Decision tree pruning and tuning order

The pruning output shows the trade-off:

ccp_alpha=0.0000 test=0.921 leaves=7
ccp_alpha=0.0067 test=0.921 leaves=5
ccp_alpha=0.2636 test=0.658 leaves=2

A little pruning kept the same test score with fewer leaves. Too much pruning collapsed the tree into only two leaves and lost useful rules.

Interpretability

export_text() prints the path a sample will follow. This is useful when you need to explain a prediction to a teammate:

|--- petal length <= 2.45
|   |--- class: 0

Feature importance is also useful, but read it carefully:

it tells you which features reduced impurity most in this fitted tree;
it can favor features with many possible split points;
correlated features can share or hide importance;
it is not the same as causal importance.

For stronger interpretation, compare tree importance with permutation importance later.

Regression Trees

Regression tree step prediction intuition

A regression tree predicts numbers, but the idea is the same: split the feature space into regions, then output the average target value in each leaf.

That is why regression tree predictions often look like steps rather than a smooth line. In the lab:

max_depth=4    mae=44.4 leaves=14
max_depth=None mae=48.7 leaves=25

The deeper tree has more leaves, but its test MAE is worse. More rules do not automatically mean better generalization.

When to Use a Single Decision Tree

Use a single tree when you need:

a quick, explainable baseline;
simple rule extraction for a business process;
a visual way to explain non-linear splits;
a stepping stone before Random Forest or boosting.

Avoid relying on a single tree when:

small data changes create very different trees;
test score drops far below train score;
the problem needs the accuracy and stability of ensembles.

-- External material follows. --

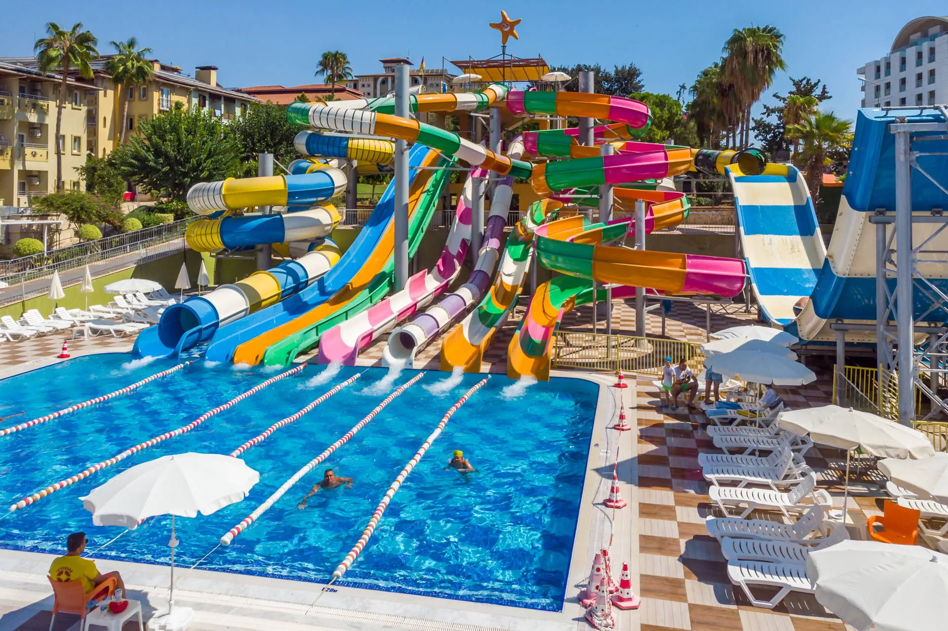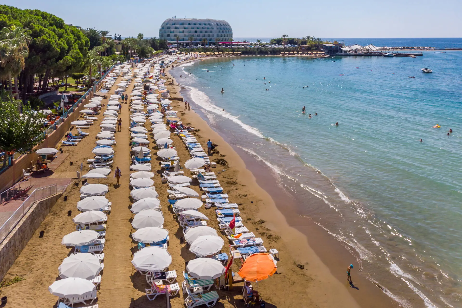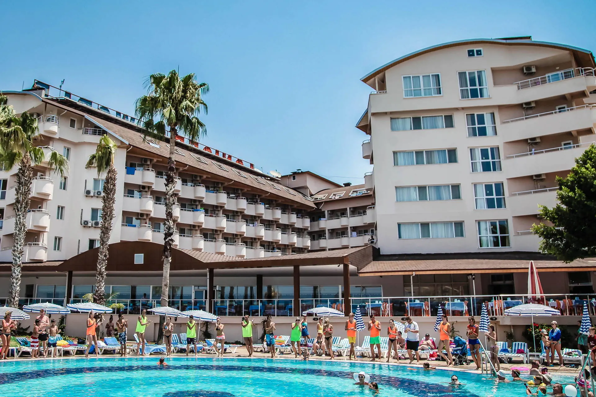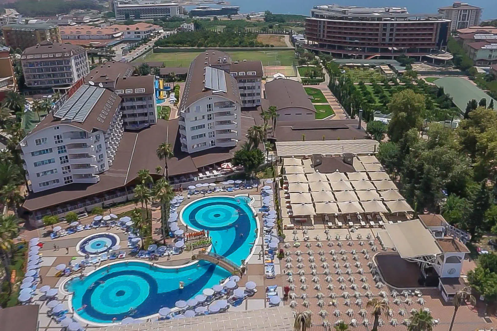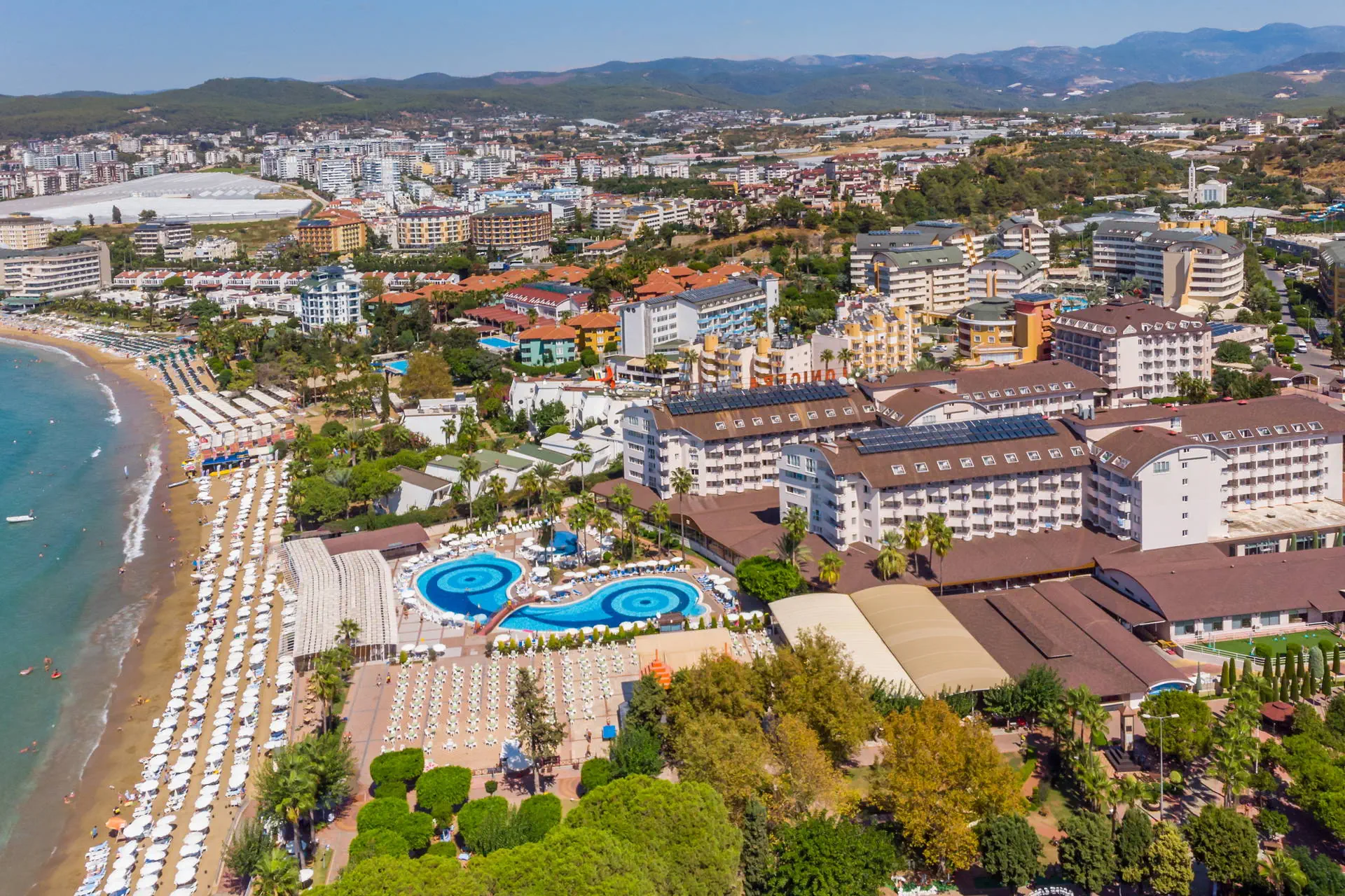 Położenie Hotel położony jest w Turkler, na zadbanym terenie. Do lotniska w Antalyi jest około 100 km. W pobliżu znajdują się centrum handlowe, kilka barów, sklepów i restauracji. Odległość do Alanyi wynosi około 20 km. Obiekt składa się z części Lonicera World i Lonicera Resort & SPA. Kategoria lokalna ***** Plaża Piaszczysta plaża bezpośrednio przy hotelu. Leżaki, parasole, ręczniki kąpielowe dostępne bezpłatnie. Do dyspozycji gości Hotel składa się z 10 budynków. Recepcja 24h/7, lobby, windy. 7 basenów, w tym 2 ze zjeżdżalniami czynnymi w określonych godzinach, 7 brodzików, Aquapark z 19 zjeżdżalniami, 8 brodzików, basen kryty (aktualnie nieczynny, otwarty w kwietniu i październiku), jacuzzi. Restauracje: 2 restauracje główne (3 główne posiłki dostępne wyłącznie w restauracji w części Lonicera World), restauracje a’la carte: rybna (czynne od poł. maja do października, wymagana opłata rezerwacyjna ok. 100 TL), 11 barów: przy basenach, fast food bary, w lobby, w dyskotece. Atrakcje dla dorosłych: dyskoteka. Wyżywienie Rodzaje wyżywienia i posiłki: All Inclusive: Śniadanie: 07:00 - 10:30. Lunch: 12:30 - 14:30. Obiadokolacja: 19:00 - 21:00; 3 główne posiłki w formie bogatego bufetu w restauracji głównej w części Lonicera World. Przekąski: placki gozleme (10:30 - 16:00), fast food (10:30 - 16:30), bar z owocami (10:30 - 16:30), kącik ze słodyczami i lodami (10:30 - 16:30). Podwieczorek. Nocna przekąska: 24:00 - 07:00. Bary: Możliwość wyciskania soku z pomarańczy bezpłatnie w barze z owocami. Napoje bezalkoholowe i lokalne alkohole: 10:00 - 02:30 (nie dotyczy świeżych soków serwowanych poza barem z owocami). Program sportowy i animacyjny Dla każdego: boisko do koszykówki, badminton, tenis stołowy, bogaty program animacyjny w ciągu dnia i wieczorami: zabawy przy basenie, water polo, wieczorne show, muzyka na żywo. Tylko dla dorosłych: siłownia (dla osób pow.16 roku życia), sauna, łaźnia turecka, dyskoteka (23:30-02:00, napoje bezalkoholowe bezpłatne do 02:00) aktualnie nieczynna. Dla dzieci: plac zabaw. Za dodatkową opłatą: 4 korty tenisowe (oświetlenie ok. 10 EUR/godz.), łaźnia turecka (zabiegi płatne dodatkowo), dyskoteka (wejście płatne ok. 10 EUR), centrum SPA, sala gier na świeżym powietrzu (bilard, flipery, mini karuzele dla dzieci, samochodziki - ok. 2-3 EUR/gra). Internet Internet Wi-Fi na terenie hotelu i w pokojach dostępny bezpłatnie, kącik internetowy płatny (ok. 3 EUR/godz.). Naszym zdaniem Hotel z wesołą, klubową atmosferą oferuje różnorodne opcje zakwaterowania na rozległym terenie, co sprzyja komfortowemu wypoczynkowi. Położony przy piaszczystej plaży z łagodnym zejściem do morza, jest doskonałym miejscem na relaks, również dla najmłodszych. Bogata oferta atrakcji sprawia, że jest szczególnie popularny wśród rodzin z dziećmi. Ceniony i sprawdzony przez klientów, hotel od wielu sezonów wyróżnia się na tle konkurencji. Strona www www.lonicera.com.tr

Practical Debugging Checklist

Symptom	Likely cause	Fix
Train score is high, test score is low	tree is too deep	lower `max_depth`, increase `min_samples_leaf`, try pruning
Tree has many tiny leaves	memorizing rare cases	increase `min_samples_leaf`
Feature importance feels misleading	correlated or high-cardinality features	verify with permutation importance
Rules are hard to read	tree is too large	train a smaller explanation tree, or summarize paths
Regression tree predictions look blocky	leaf averages create step outputs	compare with linear models, random forests, or gradient boosting

Practice

Change min_samples_leaf from 3 to 1, then to 10. What happens to leaves and test accuracy?
Change criterion to "entropy". Does the tree choose the same first split?
Print export_text() for a tree with max_depth=2. Is it easier to explain?
Replace the Iris features with all four features. Does feature importance change?
In the regression section, compare DecisionTreeRegressor with the linear regression lesson’s baseline.

Reference implementation and walkthrough

min_samples_leaf=1 usually creates more leaves and can overfit. 10 creates a simpler tree; test accuracy may improve if the old tree was too specific, or drop if it becomes too coarse.
Entropy and Gini often choose similar splits, but they are not guaranteed to match. Compare the first rule and the resulting test score.
A depth-2 tree is much easier to explain because it has only a few rules, but it may miss detail that a deeper tree captures.
Using all four Iris features can change importances and splits. Treat importance as a model diagnostic, not proof of causality.
Regression trees produce step-like predictions based on leaf averages. Compare RMSE/MAE against the linear baseline and inspect residual examples before deciding which is better.

Evidence to Keep

Keep this page’s proof of learning as a small evidence card:

Task: regression or classification problem with target definition
Model: linear/logistic/tree/ensemble/SVM configuration and train/test split
Metric: regression error, accuracy/F1, threshold curve, or confusion matrix
Failure Check: overfitting, underfitting, feature scaling, threshold choice, or class imbalance
Expected Output: model result plus error samples or residual review

Pass Check

You are done when you can explain:

a tree learns by choosing splits that make child nodes cleaner;
deeper trees can memorize training data;
max_depth, min_samples_leaf, and ccp_alpha control complexity;
feature importance is useful but not automatically causal;
regression trees output leaf averages, so predictions are step-like.